Member of the Erie County Legislature from the 3rd district
- In office 1975–1981
- Preceded by: Dennis Gorski
- Succeeded by: Barry L. Robinson

Personal details
- Born: February 14, 1949 (age 77) Buffalo, New York, U.S.
- Party: Democratic
- Other political affiliations: Working Families

= William Stachowski =

American politician

William T. Stachowski (born February 14, 1949) is an American politician from New York.

==Biography==
Stachowski attended Bishop Ryan High School in Buffalo, New York. He graduated from the College of the Holy Cross in Worcester, Massachusetts, where he played Varsity Football. He was All New England and won the Davitt award as the Holy Cross best defensive player. He entered politics as a Democrat, and was a member of the Erie County Legislature (3rd D.). In November 1981, he was elected to the New York State Senate, to fill the vacancy caused by the resignation of Raymond F. Gallagher, and took his seat during a special session on December 3, 1981.

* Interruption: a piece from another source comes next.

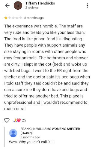 Ā Ā Ā Read moreI was there for a very short time. During that time I had the worst experience ever. I have a service dog and an emotional support dog. I had everything that was needed as far as paperwork goes. Angela told me I had to take my babies to a drop off shelter, after I met ALL requirements. She is very clearly afraid of dogs and treats any dog owner with nothing but disrespect. From the first day meeting her she, Angela was nothing short of unprofessional and disrespectful. I went there due to a domestic violence situation. I was told to go to her to get an appointment. She told me she did not have time to deal with that. On the 29th I tested positive for covid. Even though it was known that I was there for a DV situation I was locked in a room by the medical staff. The staff packed my belongings, under the direction of Angela, they cut my lock even though I had the keys for my lock. My sim card and phone was stolen out of my locker by the staff. Once my things were packed and the driving service was called, Angela left her post as if her work day was over. She came outside and was being very loud and unprofessional telling me to hurry up get my stuff and leave. I wrote another review on someone elseās phone because mine was stolen, not by a resident but the staff. This one is being done on my laptop. The owner responded with They were sorry this happened to me. While I appreciate the comment. Something must be done with Angela, her behavior as a professional is completely unacceptable , also I need to be compensated for my property that the staff there either...

He was re-elected many times, and remained in the Senate until 2010, sitting in the 184th, 185th, 186th, 187th, 188th, 189th, 190th, 191st, 192nd, 193rd, 194th, 195th, 196th, 197th and 198th New York State Legislatures.

Stachowski chaired the Commerce, Economic Development and Small Business Committee. This committee works closely with the Empire State Development Corporation. Stachowski also sat on the Public Authorities Control Board and the Legislative Commission on the Development of Rural Resources. He was also a member of the Upstate Caucus

On December 2, 2009, Stachowski was one of eight Democratic state senators to vote against legislation which would legalize same-sex marriage in New York. This legislation would fail to pass the Senate.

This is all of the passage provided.